Toward Predictions of Immunogenicity
Recent years have witnessed an unprecedented growth of in-depth and accurate MS data (Figure 1) that significantly enhanced our ability to predict antigen presentation. Unfortunately, these data cannot inform us about the most critical step in immune recognition, namely, the recognition of presented antigens by T cells. Much less is known there, and it is for instance, a disappointing fact that most predicted neoantigens from mutations found by exome sequencing of tumors are not recognized by T cells, although many resulting peptides do bind to HLA-I molecules. While direct identification of mutated peptides presented on the surface of cancer cells will likely improve the fraction of truly immunogenic epitopes (101), it is likely that many mutated peptides seen by MS will still not be immunogenic. Moreover, although binding affinity has been demonstrated to be useful for enriching pools of peptide in immunogenic epitopes (especially for class I), many known immunogenic epitopes display low-binding affinity, suggesting that they would be missed by approaches based on affinity predictions only. This is especially true for class II epitopes, where clear evidences indicate that different enzymes, peptide exchange mediates by HLA-DM or HLA-DO, pH gradients and peptide conformational flexibility play a role in selecting immunodominant epitopes (8–10, 134). Unfortunately, currently, very little of this biological knowledge about class II antigen presentation could be used to improve predictions of class II epitopes.

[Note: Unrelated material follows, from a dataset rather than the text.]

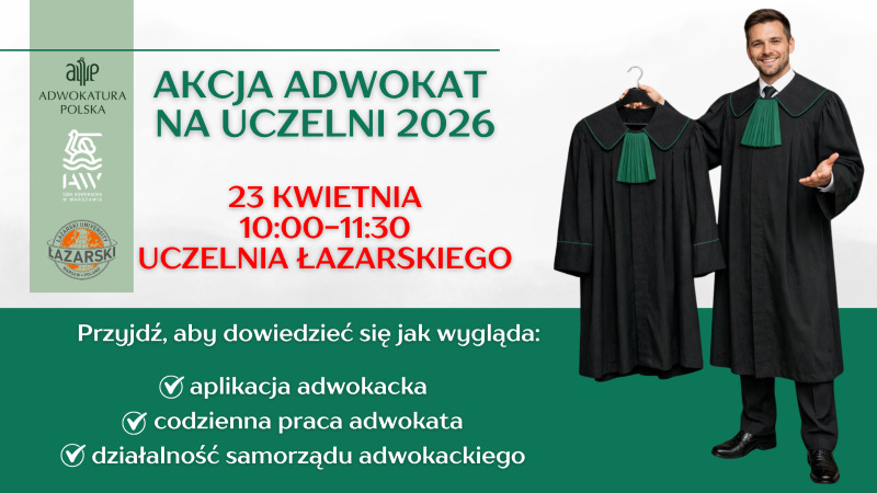Okręgowa Rada Adwokacka w Warszawie serdecznie zaprasza studentów Uczelni Łazarskiego w Warszawie do udziału w spotkaniu organizowanym w ramach IV edycji ogólnopolskiej akcji Naczelnej Rady...

Work by Calis et al. (172) suggested that some amino acids at non-anchor positions confer increased immunogenicity to HLA-I ligands. More recently, it has been observed that dissimilarity to self among mutated peptides predicted to have similar binding affinity as their wild-type counterpart can further help predicting immunogenic epitopes (173). Differences between the affinity of the wild-type and the mutated peptide, as well as stability of the MHC-I peptide interaction were also suggested to narrow down the list of immunogenic epitopes (174). Unfortunately, datasets of true immunogenic peptides from cancer or infectious diseases are still restricted to a few 100 peptides, limiting the power of machine learning approaches to infer properties of immunogenic epitopes (175, 176). This is likely the main bottleneck toward our understanding of the determinants of immunogenicity. Therefore, recent high-throughput methods for screening T cells using for instance DNA barcoded multimers have the potential to provide critical information about the differences between immunogenic and non-immunogenic peptides (46). Importantly, most of these approaches require to select a priori the HLA ligands to be screened [with the exception of a recent phage display system (177)]. Therefore, improved prediction of HLA ligands and antigen presentation will likely play an important role in optimizing the set of ligands currently tested for immunogenicity.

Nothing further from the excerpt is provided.